Bench Memos

Law & the Courts

This Day in Liberal Judicial Activism—July 26

1983—Barely four months after reiterating that abrogation of the state’s common-law sovereign immunity is a matter for the legislature, not for the courts, the Oklahoma supreme court (in Vanderpool v. State) abolishes Oklahoma’s sovereign immunity. The majority explains that it is imposing “what we perceive to be the more just and equitable view.”

2018—Federal district judge Timothy J. Corrigan rules in Adams v. School Board of St. Johns County that a Florida school board’s policy of assigning bathrooms by sex violates the statutory (Title IX) and constitutional (Equal Protection Clause) rights of a transgender student who identifies as male.

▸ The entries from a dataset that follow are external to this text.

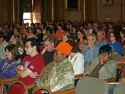 An ideal audience is a rhetor's imagined, intended audience. In creating a rhetorical text, a rhetor imagines is the target audience, a group of individuals that will be addressed, persuaded, or affected by the speech or rhetorical text.[9] This type of audience is not necessarily imagined as the most receptive audience, but as the future particular audience that the rhetor will engage with. Imagining such an audience allows a rhetor to formulate appeals that will grant success in engaging with the future particular audience. In considering an ideal audience, a rhetor can imagine future conditions of mediation, size, demographics, and shared beliefs among the audience to be persuaded.[10]
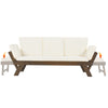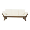 TOPMAX Outdoor Adjustable Patio Wooden Daybed Sofa Chaise Lounge with Cushions for Small Places, Brown Finish+Beige Cushion SP100141AAA-djyc
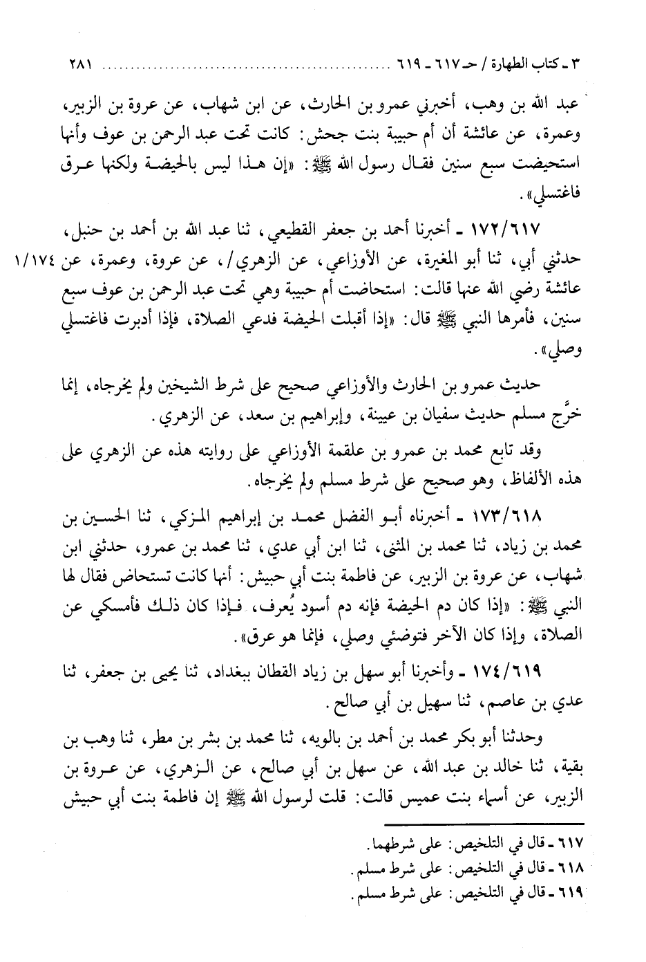 617 - أَخْبَرَنَا أَحْمَدُ بْنُ جَعْفَرٍ الْقَطِيعِيُّ، ثنا عَبْدُ اللَّهِ بْنُ أَحْمَدَ بْنِ حَنْبَلٍ، حَدَّثَنِي أَبِي، ثنا أَبُو الْمُغِيرَةِ، عَنِ الْأَوْزَاعِيِّ، عَنِ الزُّهْرِيِّ، عَنْ عُرْوَةَ، وَعَمْرَةَ عَنْ عَائِشَةَ رَضِيَ اللَّهُ عَنْهَا، قَالَتْ: اسْتَحَاضَتْ أُمُّ حَبِيبَةَ وَهِيَ تَحْتَ عَبْدِ الرَّحْمَنِ بْنِ عَوْفٍ سَبْعَ سِنِينَ، فَأَمَرَهَا النَّبِيُّ صَلَّى اللهُ عَلَيْهِ وَسَلَّمَ، قَالَ: «§إِذَا أَقْبَلَتِ الْحَيْضَةُ فَدَعِي الصَّلَاةَ، فَإِذَا أَدْبَرَتْ فَاغْتَسِلِي وَصَلِّي» . «حَدِيثُ عَمْرِو بْنِ الْحَارِثِ وَالْأَوْزَاعِيِّ صَحِيحٌ عَلَى شَرْطِ الشَّيْخَيْنِ وَلَمْ يُخَرِّجَاهُ، إِنَّمَا خَرَّجَ مُسْلِمٌ حَدِيثَ سُفْيَانَ بْنِ عُيَيْنَةَ وَإِبْرَاهِيمَ بْنِ سَعْدٍ، عَنِ الزُّهْرِيِّ» . وَقَدْ تَابَعَ مُحَمَّدَ بْنَ عَمْرِو بْنِ عَلْقَمَةَ الْأَوْزَاعِيَّ عَلَى رِوَايَتِهِ هَذِهِ، عَنِ الزُّهْرِيِّ عَلَى هَذِهِ الْأَلْفَاظِ. «وَهُوَ صَحِيحٌ عَلَى شَرْطِ مُسْلِمٍ وَلَمْ يُخَرِّجَاهُ» K617 - على شرطهما
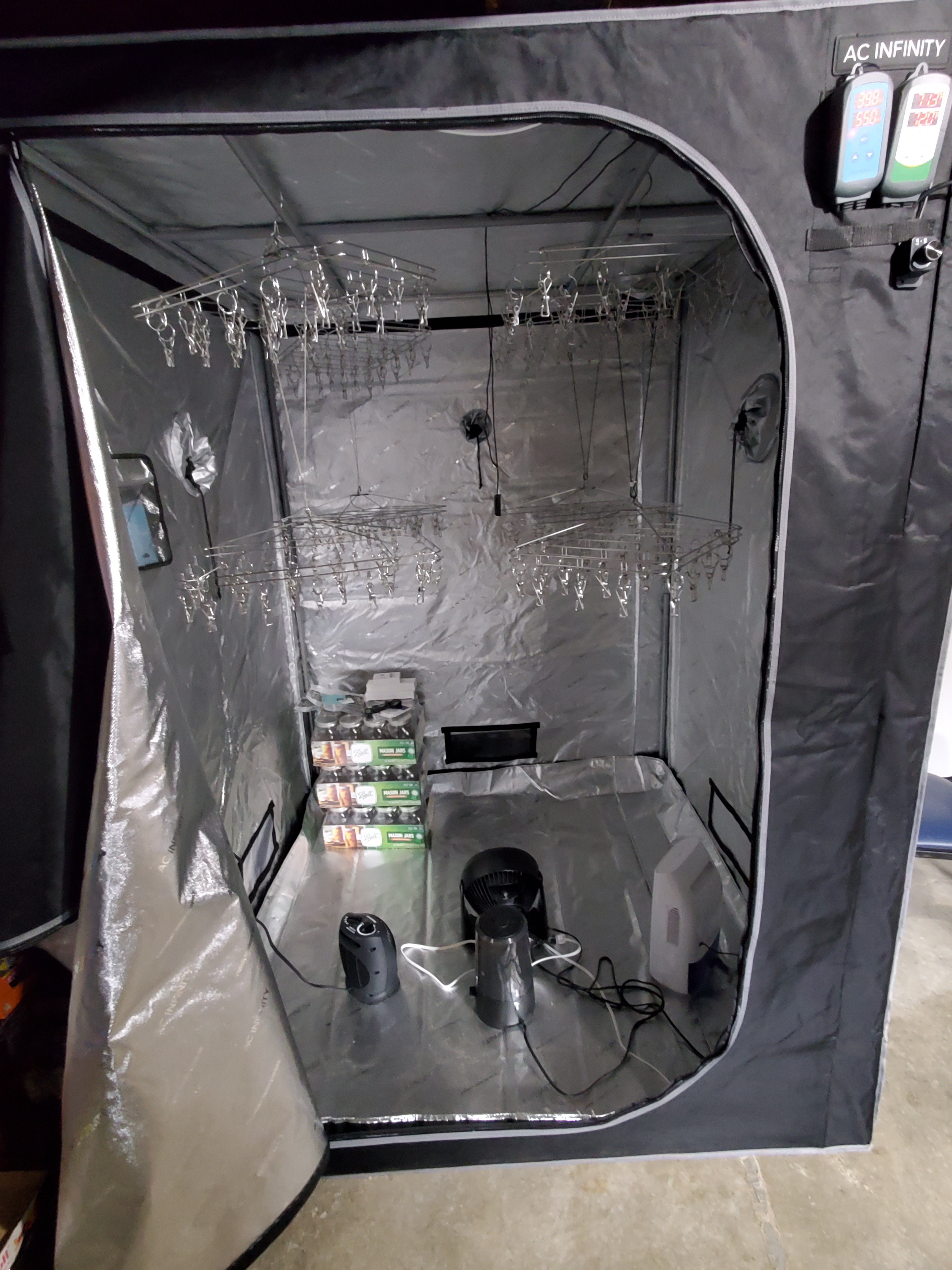 Also set up my drying chamber. The stack in the corner is quart size wide mouth mason jars, boveda 62% rh packs, labels and 3 dozen mini humidistats. The setup in the middle obviously is a fan, heater, humidifier and dehumidifier. I have the exhaust fan if it gets too hot. The tent is a 5x5 2000D canvas tent and the hanging racks each have 28 clips for a total of 224 clips. Hopefully this is big enough.

2021—In a stunningly stupid analysis of economic competition (in 303 Creative LLC v. Elenis), Tenth Circuit judge Mary Beck Briscoe opines that a company, 303 Creative, that proposes to offer “custom” wedding websites somehow must have something “similar to a monopoly” in its product market: No matter how intense the competition is in the market for “custom-made wedding websites,” 303 Creative is by definition (as Briscoe misunderstands things) the only participant in the market defined as “custom-made wedding websites of the same quality and nature as those made by [303 Creative].”

Briscoe’s bonkers analysis comes not in an antitrust case but in a case addressing the question whether Colorado may compel a company to offer wedding websites that “celebrate same-sex marriages” if it is going to offer wedding websites that celebrate male-female marriages. Briscoe acknowledges that the creation of wedding websites is “pure speech” and that Colorado is seeking to impose a “content-based restriction” that would compel 303 Creative to utter speech celebrating same-sex marriage. But because “LGBT consumers will never be able to obtain wedding-related services of the same quality and nature as those that [303 Creative] offer[s],” Briscoe concludes that the state of Colorado has a compelling interest in coercing 303 Creative to engage in such speech.

As Chief Judge Timothy Tymkovich observes in dissent, Briscoe’s ruling, “[t]aken to its logical end, [would mean that] the government could regulate the messages communicated by all artists, forcing them to promote messages approved by the government in the name of ‘ensuring access to the commercial marketplace.’” (Emphasis in original.)

In June 2023, the Supreme Court, by a vote of 6 to 3, will reverse the Tenth Circuit. No justice in the dissent will embrace Briscoe’s analysis.